We've all seen movies where characters overcome physical injury or disability to triumph against the odds but the Joker is a different side to this familiar narrative.

Instead of watching a person with a physical handicap we are buckled down for an intense unraveling of a man's mental health, or possible the thawing of a heavily medicated individual with a mental disorder. Joaquin Phoenix plays the part all too well for we are tortured with the unpleasant experience of viewing life as Arthur Fleck. No one can be comfortable watching his performance as a mentally sick outcast. His physical appearance and protruding rib cage reminds us of how unhealthy he is, or maybe the hopelessness of his impoverished situation causes us the most unease.

Fleck is pitiful, lonesome, with no chance of a decent future. Nor does he triumph. He disintegrates into the the centre of darkness and only from the ashes does something emerge, but it's hateful, vengeful, and extremely violent.

There is a prophetic scene where joker watches Charlie Chaplin skate on the edge of a second floor balcony, unknownst to the danger of the perilous drop he teeters on. This becomes the comedy that Fleck finally identifies with, a comedy of chaos that will soon define Gotham City.

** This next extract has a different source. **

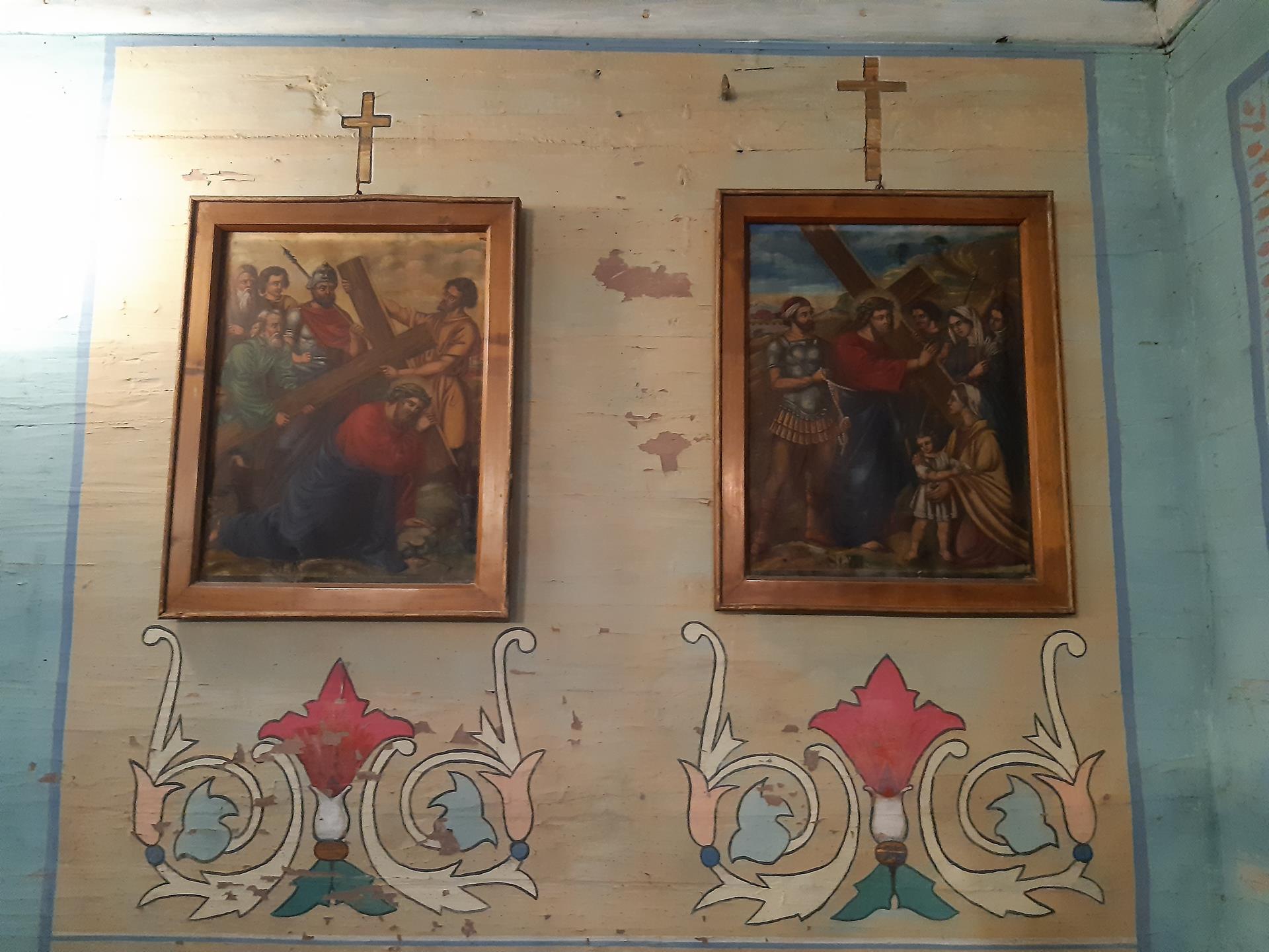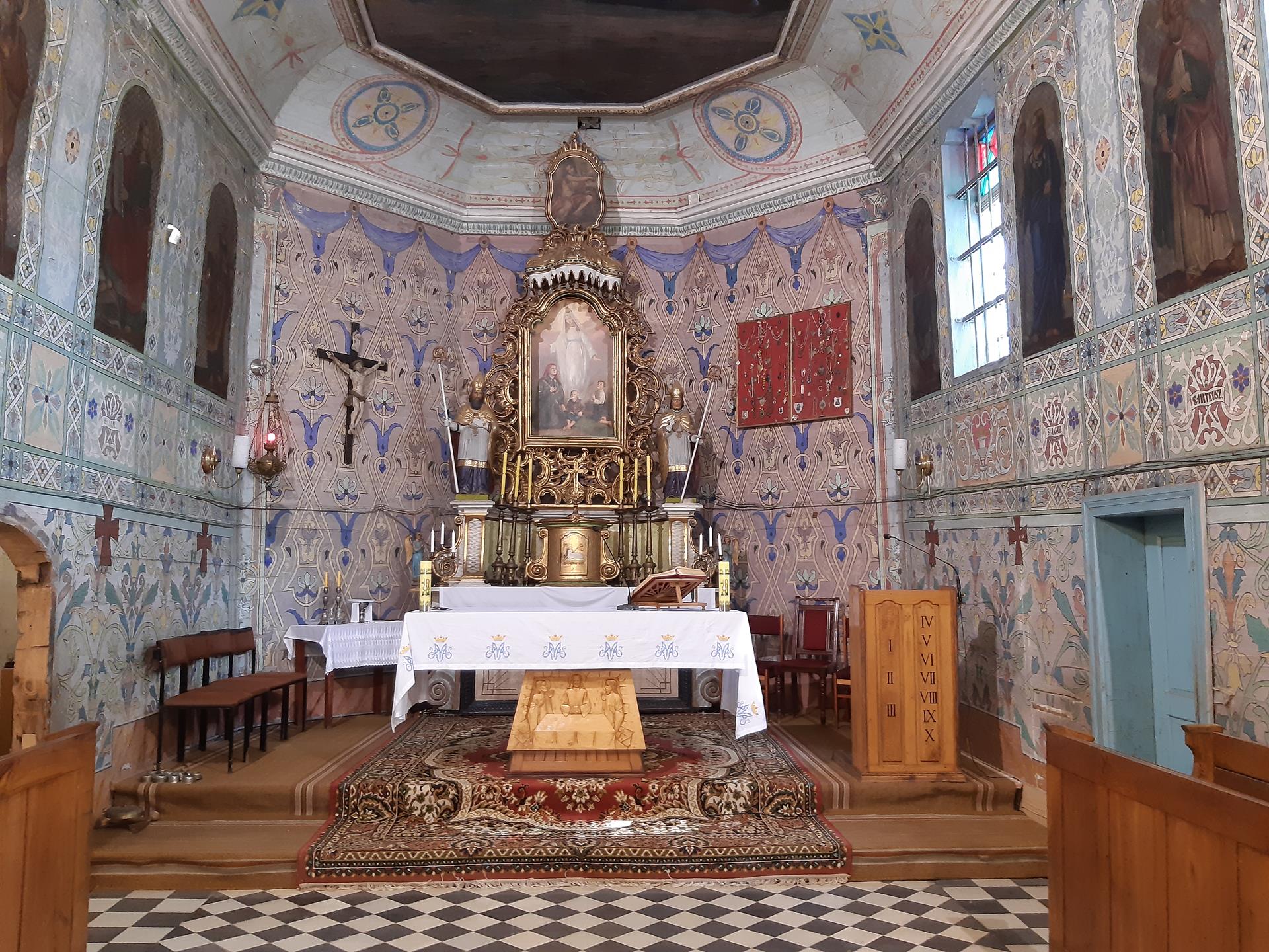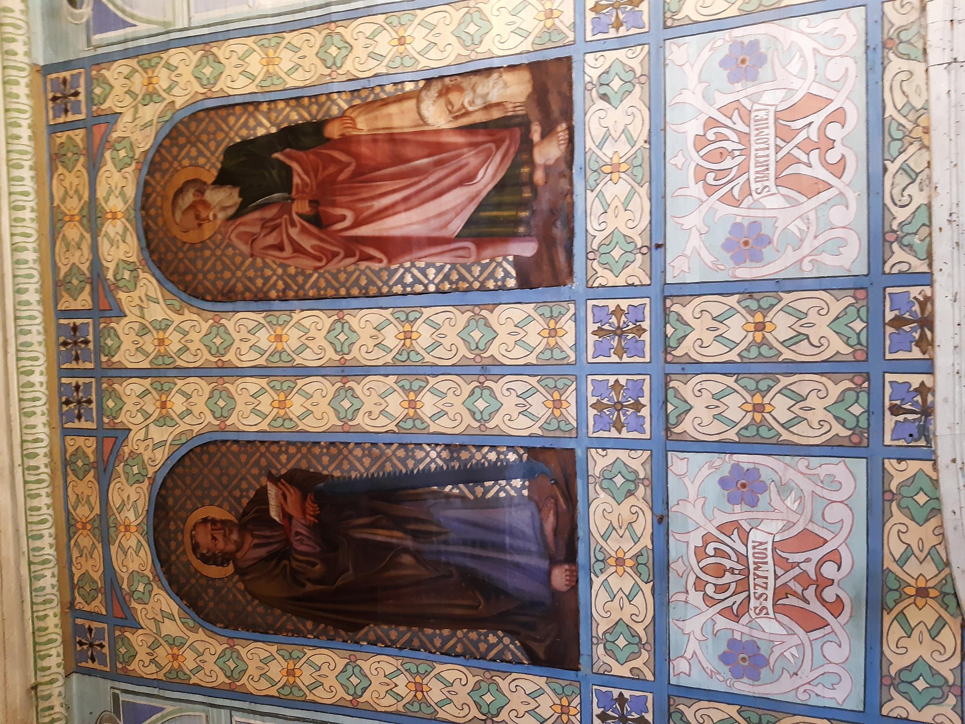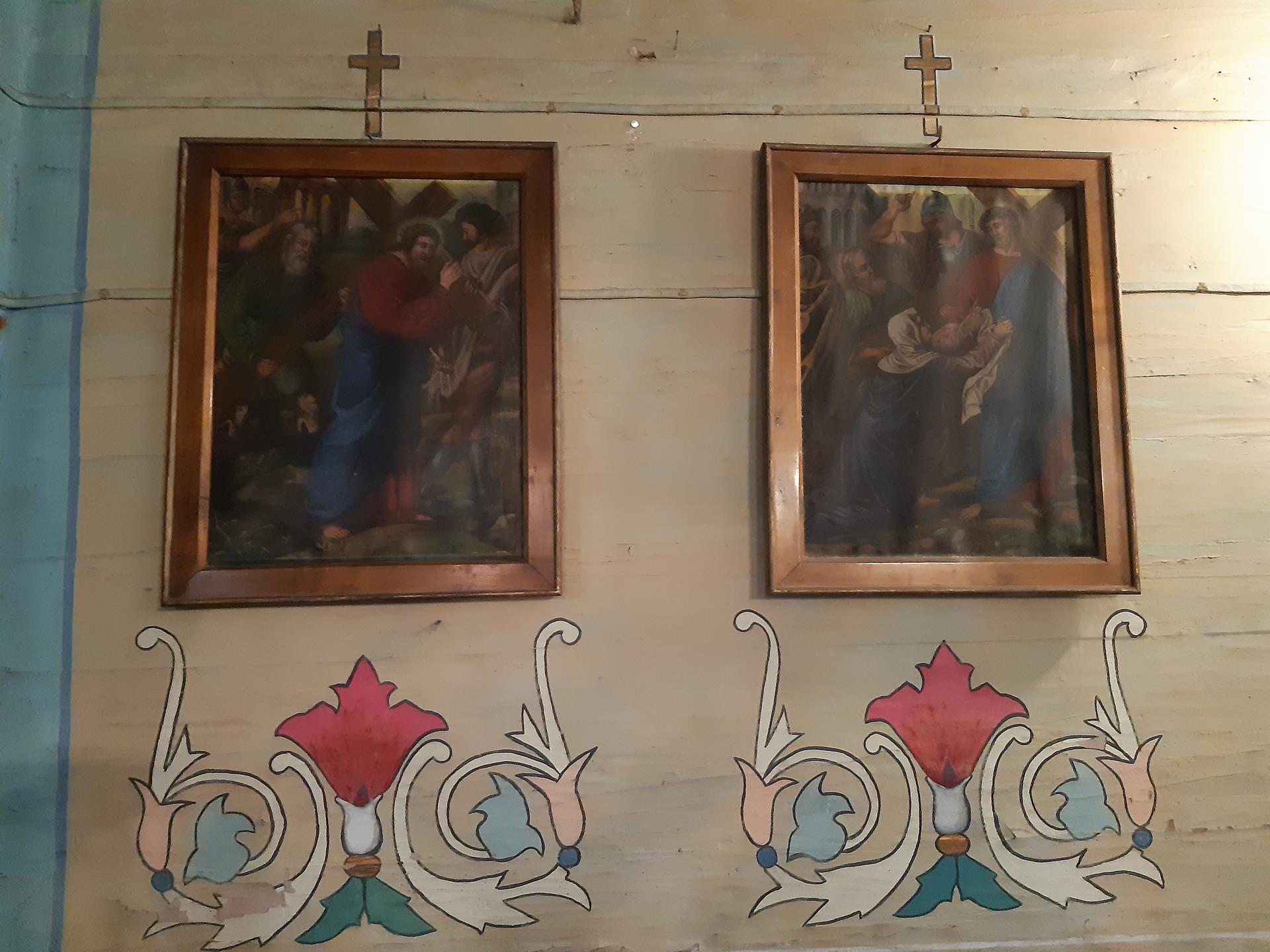 Ściany w kościele pomalowane są kolorowo, o przewadze jasnej zieleni, zdobione roślinnymi ornamentami. Kolorystyka polichromii oraz zdobienia posiadają naleciałości wschodniego stylu. Na ścianach widnieją olejne portrety, wykonane na płótnie, przedstawiające naturalnej wielkości dwunastu Apostołów. W prezbiterium od strony ołtarza, na ścianie północnej znajdują się obrazy świętych: Piotra, Jana, Filipa, Jakuba Młodszego, oraz symetrycznie na ścianie południowej świętych: Macieja, Jakuba Starszego, Mateusza i Andrzeja. Na ścianie północnej w nawie zostały umieszczone wizerunki świętych: Bartłomieja i Szymona, oraz symetrycznie na ścianie południowej nawy świętych: Tomasza i Tadeusza. Obrazy malował w 1883 r. malarz Stankiewicz z Oświęcimia, uczeń Jana Matejki. Było to drugie malowanie wnętrza kościoła. Pierwszego dokonano przed konsekracją świątyni, bo w 1777 r. Podczas prac konserwatorskich udało się odnaleźć i zabezpieczyć fragmenty oryginalnych malowideł naściennych, zdobiących prezbiterium. Można je zobaczyć za ołtarzem głównym oraz pod poziomem drewnianej podłogi w prezbiterium.

The film has lots of references to the batman realm but a reflection of current trends makes it more ingrained in the viewers world than the comic book universe. It's not meant to be political or to inspire a copy cat movement but ever so subtly with trends like "eat the rich" masquerading as Jokers "kill the rich" the life-art-death veil feels almost transparent and it's hard not to draw the conclusion that there's an element of social commentary present throughout.

That aside the Jokers brilliance lies in its pain, there is no joy here, you'll most likely leave the cinema feeling like you've been poisoned. Strip away the comic book aspects and this is a traumatic movie built on human suffering. I'd recommend viewing only if you must but remember you get what you deserve.